Currency symbols not recognized


#1

Hi,

Seems the ocr api is not recognizing currency symbols on this image. Can you explain why? I tried teserract and that seems to do a good job of it. I have purchased the pro plan but without this might become unsuable for me.

thanks


cheers
Kiran


#2

I confirmed the problem. We are working on it.

Out of curiosity, what version of Tesseract did you use?


#3

Version 4 with LTSM… do you have any indication on when this issue may get fixed?


#4

It is difficult to estimate the ETA for OCR improvements. But I found a solution that works right away: Use ChineseSimplified (language=chs) as OCR language. This recognizes English as well and includes the Pound/Euro currency symbols.

My OCR.space test with Chinese as OCR language:

By comparison, here are my test results for Tesseract 4.0 LTSM:

Original image: The processing time for your original image was more than a minute(!), so I made the further tests just with the circle part.

Unmodified image (except cropped):

Reduced size by 50%

Inverted color:


#5

Interesting… i can definitely try that…do you also suggest that before submitting to the api endpoint i also perform things like grayscaling, noise reduction etc. to improve the accuracy?
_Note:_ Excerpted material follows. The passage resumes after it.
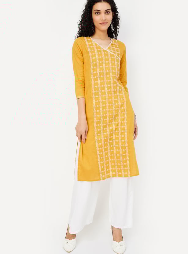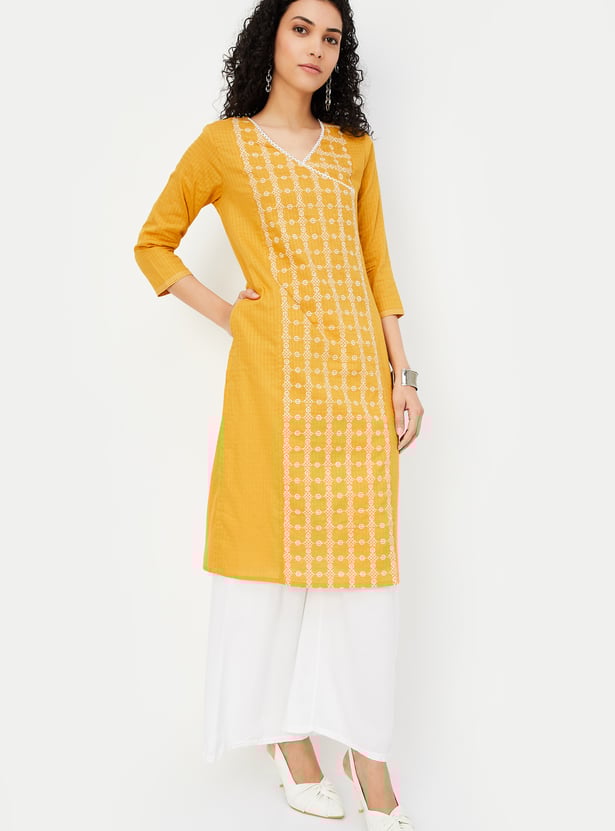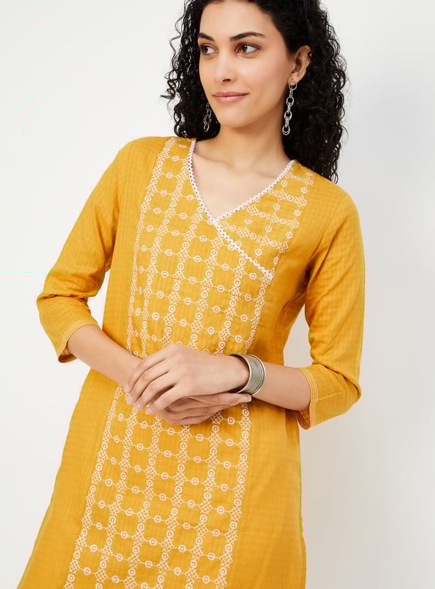 Create an effortless casual look with this stylish straight kurta, beautifully highlighted with intricate embroidery. Designed with a flattering overlapping V-neckline, a waist pocket, and three-quarter sleeves, this kurta is perfect for adding a touch of elegance to your everyday ensemble.

Or is this something that is done on the api automatically?

thanks for the quick response really appreciate it!! if all goes well then i am hoping to use this atleast for a 100,000 requests a month :slight_smile:


#6

do you also suggest that before submitting to the api endpoint i also perform things like grayscaling, noise reduction etc. to improve the accuracy?
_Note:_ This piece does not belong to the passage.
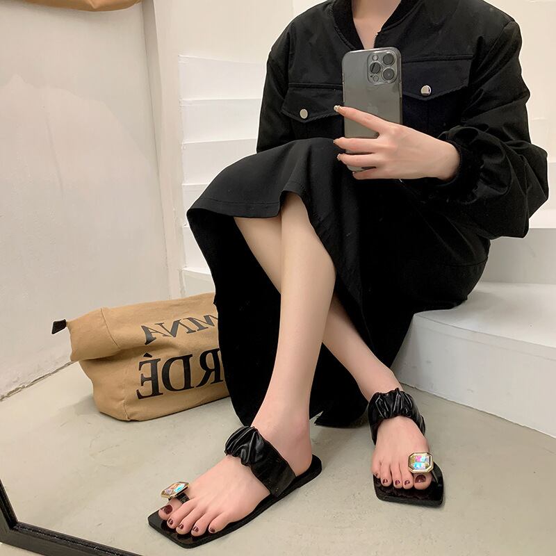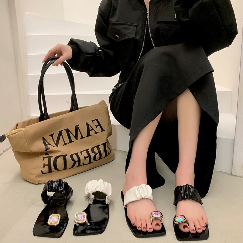 親指のスクエアビジューとシャーリングストラップがエレガントなトングフラットサンダルです。ワイドなストラップで歩きやすさも◎です。夏のコーディネートのアクセントにもおすすめのユニークなデザインです。
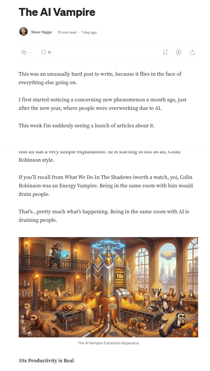 耶格指出,当生产力提升超过约 2 倍时,一种被他称为「吸血鬼效应」的现象便开始显现,技术不再仅仅是工具,而开始反向塑造使用者的工作节奏和心理状态。

This is not needed. I only did it for Tesseract, because there it is needed.

Or is this something that is done on the api automatically?

Yes!


#7

Hi,

Ok cool… do you have any tech that is able to remove the background image from an image with text and background image?

thanks
cheers
Kiran


#8

Usually our OCR API works fine even if their is a background image.


#9

Hi,

So been trying out ‘Chinese Simplified’ as recommended and really struggling. Take a look at the attached example. It just completely mixes up the english character. Any clue what i can do here.77777-1555549601664


#10

But on this image, there are no currency symbols? In this case English is the best OCR language to use.


#11

Sorry wrong image… attached for eg… its in english and has currencies… when i try Chinese simplified the text is all over the place.